Since 2002, when the federal No Child Left Behind Act was signed into law, American public schools, and later their teachers, have been evaluated by the standardized test scores of their students.  States have been required to punish the schools with the lowest scores—firing their principals or some of their teachers, closing the schools, or turning them over to charter schools.  But the idea that we can judge schools and judge teachers by metrics—by the aggregate test scores of their students—evolved long before the passage of No Child Left Behind—even prior to the publication in 1983 of the A Nation At Risk report that is said to have begun the wave of standards-based school reform. Perhaps it has been part of growing enchantment with our society’s advancing capacity to collect and analyze data.
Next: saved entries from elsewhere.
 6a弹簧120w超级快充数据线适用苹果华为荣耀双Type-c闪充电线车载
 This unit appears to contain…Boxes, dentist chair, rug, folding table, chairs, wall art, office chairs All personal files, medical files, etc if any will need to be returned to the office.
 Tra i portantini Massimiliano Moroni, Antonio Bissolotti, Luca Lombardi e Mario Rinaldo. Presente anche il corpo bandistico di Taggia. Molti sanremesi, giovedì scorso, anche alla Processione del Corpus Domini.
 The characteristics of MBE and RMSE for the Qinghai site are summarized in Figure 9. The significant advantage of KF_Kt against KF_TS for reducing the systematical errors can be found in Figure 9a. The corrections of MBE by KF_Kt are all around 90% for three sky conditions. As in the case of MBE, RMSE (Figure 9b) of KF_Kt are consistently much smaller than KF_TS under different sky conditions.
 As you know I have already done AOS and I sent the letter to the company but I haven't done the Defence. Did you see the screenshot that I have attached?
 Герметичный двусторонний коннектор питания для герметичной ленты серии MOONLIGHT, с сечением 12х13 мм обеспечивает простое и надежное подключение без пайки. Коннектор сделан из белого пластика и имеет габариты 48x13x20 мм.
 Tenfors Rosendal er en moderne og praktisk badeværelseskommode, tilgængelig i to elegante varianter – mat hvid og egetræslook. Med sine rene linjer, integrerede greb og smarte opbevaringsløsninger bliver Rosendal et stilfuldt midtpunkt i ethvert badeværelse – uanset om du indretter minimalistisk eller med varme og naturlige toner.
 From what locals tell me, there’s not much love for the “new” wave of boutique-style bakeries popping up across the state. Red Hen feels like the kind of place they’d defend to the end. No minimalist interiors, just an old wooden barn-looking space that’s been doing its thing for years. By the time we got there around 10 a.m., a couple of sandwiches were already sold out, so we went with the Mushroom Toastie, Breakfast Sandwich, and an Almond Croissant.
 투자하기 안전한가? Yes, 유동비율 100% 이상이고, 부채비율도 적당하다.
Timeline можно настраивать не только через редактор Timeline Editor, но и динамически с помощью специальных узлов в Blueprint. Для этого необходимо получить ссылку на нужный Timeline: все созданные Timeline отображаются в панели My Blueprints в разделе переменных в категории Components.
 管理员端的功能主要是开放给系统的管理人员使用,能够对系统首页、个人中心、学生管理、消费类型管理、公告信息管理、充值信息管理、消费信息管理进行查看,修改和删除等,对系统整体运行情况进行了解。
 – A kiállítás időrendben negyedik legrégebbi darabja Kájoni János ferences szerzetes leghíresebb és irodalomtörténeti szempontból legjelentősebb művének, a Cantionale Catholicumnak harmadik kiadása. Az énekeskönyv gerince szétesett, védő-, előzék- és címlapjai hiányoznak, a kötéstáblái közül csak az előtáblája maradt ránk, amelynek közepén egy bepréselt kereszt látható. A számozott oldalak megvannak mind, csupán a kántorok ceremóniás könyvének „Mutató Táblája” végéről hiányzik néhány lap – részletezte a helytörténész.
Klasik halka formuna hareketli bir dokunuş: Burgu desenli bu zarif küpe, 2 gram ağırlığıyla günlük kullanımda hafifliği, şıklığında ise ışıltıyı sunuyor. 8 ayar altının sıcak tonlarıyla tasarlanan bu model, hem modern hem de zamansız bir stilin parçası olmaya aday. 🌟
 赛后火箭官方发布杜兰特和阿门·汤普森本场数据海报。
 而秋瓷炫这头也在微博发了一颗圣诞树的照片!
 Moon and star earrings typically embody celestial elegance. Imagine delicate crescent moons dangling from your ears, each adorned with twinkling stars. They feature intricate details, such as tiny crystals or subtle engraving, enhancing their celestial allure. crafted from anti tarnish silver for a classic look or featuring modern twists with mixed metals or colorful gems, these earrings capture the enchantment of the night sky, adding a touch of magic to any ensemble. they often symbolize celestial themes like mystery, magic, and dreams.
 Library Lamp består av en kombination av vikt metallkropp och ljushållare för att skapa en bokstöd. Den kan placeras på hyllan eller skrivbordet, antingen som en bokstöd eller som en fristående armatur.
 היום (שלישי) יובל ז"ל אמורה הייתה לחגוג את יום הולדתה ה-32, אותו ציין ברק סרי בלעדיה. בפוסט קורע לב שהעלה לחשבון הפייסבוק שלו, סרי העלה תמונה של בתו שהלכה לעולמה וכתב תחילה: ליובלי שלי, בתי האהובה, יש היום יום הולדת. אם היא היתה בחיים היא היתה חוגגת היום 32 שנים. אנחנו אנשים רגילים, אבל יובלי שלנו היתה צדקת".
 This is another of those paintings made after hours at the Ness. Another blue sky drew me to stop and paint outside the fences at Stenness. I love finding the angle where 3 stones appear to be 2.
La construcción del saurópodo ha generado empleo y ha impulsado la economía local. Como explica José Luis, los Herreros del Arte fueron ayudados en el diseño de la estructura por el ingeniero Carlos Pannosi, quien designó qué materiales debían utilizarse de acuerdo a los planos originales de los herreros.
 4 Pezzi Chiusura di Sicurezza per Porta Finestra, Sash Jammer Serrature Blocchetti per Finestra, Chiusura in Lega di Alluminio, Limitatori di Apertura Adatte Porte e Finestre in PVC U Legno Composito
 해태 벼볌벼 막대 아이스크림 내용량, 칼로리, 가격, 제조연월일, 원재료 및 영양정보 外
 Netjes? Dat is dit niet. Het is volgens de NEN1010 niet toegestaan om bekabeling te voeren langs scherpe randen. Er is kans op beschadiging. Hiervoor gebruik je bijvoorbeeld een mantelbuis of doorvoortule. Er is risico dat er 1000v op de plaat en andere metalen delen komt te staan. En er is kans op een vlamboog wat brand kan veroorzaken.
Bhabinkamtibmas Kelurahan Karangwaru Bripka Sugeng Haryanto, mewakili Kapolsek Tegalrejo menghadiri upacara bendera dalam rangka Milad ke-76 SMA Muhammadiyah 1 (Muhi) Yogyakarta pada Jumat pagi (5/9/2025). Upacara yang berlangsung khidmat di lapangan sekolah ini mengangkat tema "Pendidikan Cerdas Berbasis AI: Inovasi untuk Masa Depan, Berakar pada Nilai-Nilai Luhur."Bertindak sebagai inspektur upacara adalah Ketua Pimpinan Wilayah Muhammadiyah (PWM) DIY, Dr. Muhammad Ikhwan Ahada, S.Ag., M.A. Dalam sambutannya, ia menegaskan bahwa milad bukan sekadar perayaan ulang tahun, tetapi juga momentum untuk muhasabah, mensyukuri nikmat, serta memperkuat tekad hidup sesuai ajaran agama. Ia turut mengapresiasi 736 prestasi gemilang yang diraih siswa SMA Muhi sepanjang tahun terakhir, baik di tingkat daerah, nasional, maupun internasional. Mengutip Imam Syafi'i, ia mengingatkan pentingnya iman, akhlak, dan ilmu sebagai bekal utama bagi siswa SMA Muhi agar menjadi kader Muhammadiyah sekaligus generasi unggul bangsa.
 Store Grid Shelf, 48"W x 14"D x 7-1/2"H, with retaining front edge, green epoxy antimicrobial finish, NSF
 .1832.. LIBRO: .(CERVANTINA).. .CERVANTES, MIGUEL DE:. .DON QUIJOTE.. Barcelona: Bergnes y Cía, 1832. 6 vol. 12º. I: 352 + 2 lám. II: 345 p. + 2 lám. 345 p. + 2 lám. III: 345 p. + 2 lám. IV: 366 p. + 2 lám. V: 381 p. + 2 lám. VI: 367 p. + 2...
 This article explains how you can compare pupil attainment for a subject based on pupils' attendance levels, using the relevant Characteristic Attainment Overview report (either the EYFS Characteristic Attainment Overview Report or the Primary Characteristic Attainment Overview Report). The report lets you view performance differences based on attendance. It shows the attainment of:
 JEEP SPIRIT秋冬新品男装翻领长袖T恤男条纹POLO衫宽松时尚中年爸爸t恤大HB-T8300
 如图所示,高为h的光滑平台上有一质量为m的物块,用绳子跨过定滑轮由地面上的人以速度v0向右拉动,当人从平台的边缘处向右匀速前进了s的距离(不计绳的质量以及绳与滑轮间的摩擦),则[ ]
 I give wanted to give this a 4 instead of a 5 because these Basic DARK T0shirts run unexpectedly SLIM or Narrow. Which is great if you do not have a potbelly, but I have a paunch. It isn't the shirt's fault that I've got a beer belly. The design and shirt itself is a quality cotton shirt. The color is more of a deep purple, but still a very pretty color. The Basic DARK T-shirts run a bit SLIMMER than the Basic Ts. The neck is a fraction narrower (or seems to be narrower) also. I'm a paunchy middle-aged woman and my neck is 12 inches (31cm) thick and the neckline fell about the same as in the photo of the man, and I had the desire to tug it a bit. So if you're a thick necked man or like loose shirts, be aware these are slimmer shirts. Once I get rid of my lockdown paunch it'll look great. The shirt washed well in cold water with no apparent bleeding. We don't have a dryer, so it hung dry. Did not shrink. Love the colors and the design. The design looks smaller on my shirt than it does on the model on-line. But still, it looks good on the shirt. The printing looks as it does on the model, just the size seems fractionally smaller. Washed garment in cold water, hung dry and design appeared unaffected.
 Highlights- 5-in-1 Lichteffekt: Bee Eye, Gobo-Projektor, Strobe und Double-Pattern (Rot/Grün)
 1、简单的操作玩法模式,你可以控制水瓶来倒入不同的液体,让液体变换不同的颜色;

Today it is becoming widely acknowledged, however, that the strategy of test-and-punish didn’t improve public schools, didn’t identify the best or the worst teachers, and didn’t help students who had been left far behind.  Even so, the narrative that we should judge schools by their test scores has become what everybody just believes—the conventional wisdom.

In a new commentary, Education Reforms: Everything Important Cannot Be Measured, (also published here), William Mathis, the managing director of the National Education Policy Center at the University of Colorado at Boulder, traces the long history of our belief that raising test scores will be the solution to our society’s problems. And he identifies two primary flaws in this thinking.

First, Mathis reminds us that the standardized test scores which carry so much weight these days measure more about what happens in children’s lives outside of school than the tests measure the quality of the school.  As a society, Mathis explains, we misread test scores: “That is, the low scores are strongly affected by circumstances outside the schools. Children coming from violent, economically challenged and drug addicted homes, as a group, are not going to do as well as their more fortunate classmates. As the family income gap between children has widened, the achievement gap has also widened.  A Stanford professor compared all the school districts in the nation using six different measures of socio-economic well-being and found that a stunning 70% of test scores could be predicted by these six factors.  When the PARCC tests, which are used to test “college and career readiness” were compared with freshman grade point averagethe tests only predicted between one and 16% of the GPA. What this means is that the tests do a better job of measuring socio-economic status than measuring schools. This pattern has been solidly and consistently confirmed by a mountain of research since the famous Coleman report in 1966.  It pointed to family and social problems rather than schools.”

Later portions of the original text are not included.